> **EXERCISE DIRECTIONS**: Your output should be everything below from the line containing "เผยมูลค่าส่งออกเดือน ก.ย. ฟื้นตัวแข็งแกร่งเกินคาด" down to the line containing "Dieses Mal hat", both ends included, copied exactly, with pictures left out.

> **SUPPLIED RECORDS**:
+ + + + + + +

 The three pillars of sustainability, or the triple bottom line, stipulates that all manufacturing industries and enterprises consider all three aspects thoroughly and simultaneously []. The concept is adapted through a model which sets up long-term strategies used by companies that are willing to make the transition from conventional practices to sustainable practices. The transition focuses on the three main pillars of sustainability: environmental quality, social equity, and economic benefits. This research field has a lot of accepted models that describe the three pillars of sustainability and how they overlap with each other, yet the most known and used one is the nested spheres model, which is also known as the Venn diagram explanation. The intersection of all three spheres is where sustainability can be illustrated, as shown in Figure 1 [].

+ + + + + + +

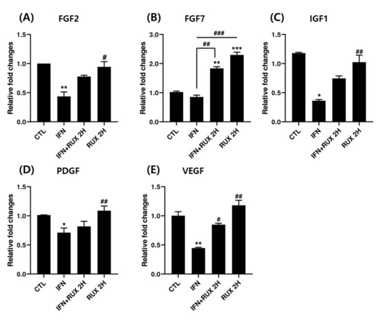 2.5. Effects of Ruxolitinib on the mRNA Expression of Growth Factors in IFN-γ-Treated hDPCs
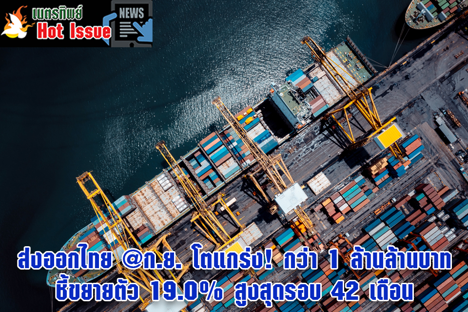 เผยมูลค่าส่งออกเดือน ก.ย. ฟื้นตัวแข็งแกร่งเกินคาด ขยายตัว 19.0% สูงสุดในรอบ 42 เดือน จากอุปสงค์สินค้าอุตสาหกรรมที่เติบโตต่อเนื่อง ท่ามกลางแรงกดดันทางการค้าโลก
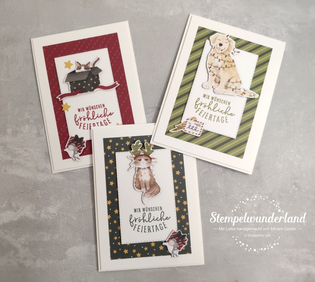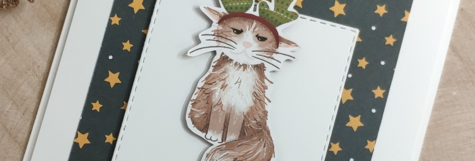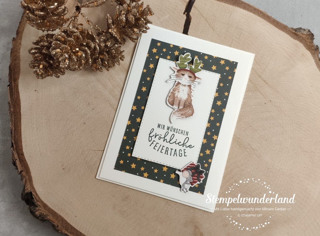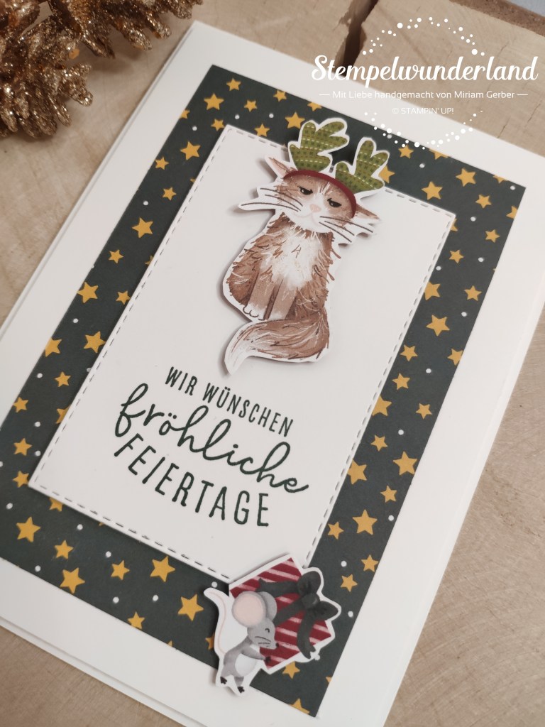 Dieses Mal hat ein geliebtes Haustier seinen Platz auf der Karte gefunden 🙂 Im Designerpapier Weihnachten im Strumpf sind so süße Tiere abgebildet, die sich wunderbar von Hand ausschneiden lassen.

+ + + + + + +

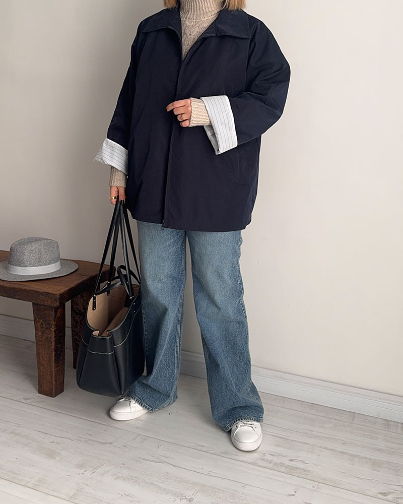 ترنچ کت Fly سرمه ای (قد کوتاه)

+ + + + + + +

> **RESULT**:
 เผยมูลค่าส่งออกเดือน ก.ย. ฟื้นตัวแข็งแกร่งเกินคาด ขยายตัว 19.0% สูงสุดในรอบ 42 เดือน จากอุปสงค์สินค้าอุตสาหกรรมที่เติบโตต่อเนื่อง ท่ามกลางแรงกดดันทางการค้าโลก
 Dieses Mal hat ein geliebtes Haustier seinen Platz auf der Karte gefunden 🙂 Im Designerpapier Weihnachten im Strumpf sind so süße Tiere abgebildet, die sich wunderbar von Hand ausschneiden lassen.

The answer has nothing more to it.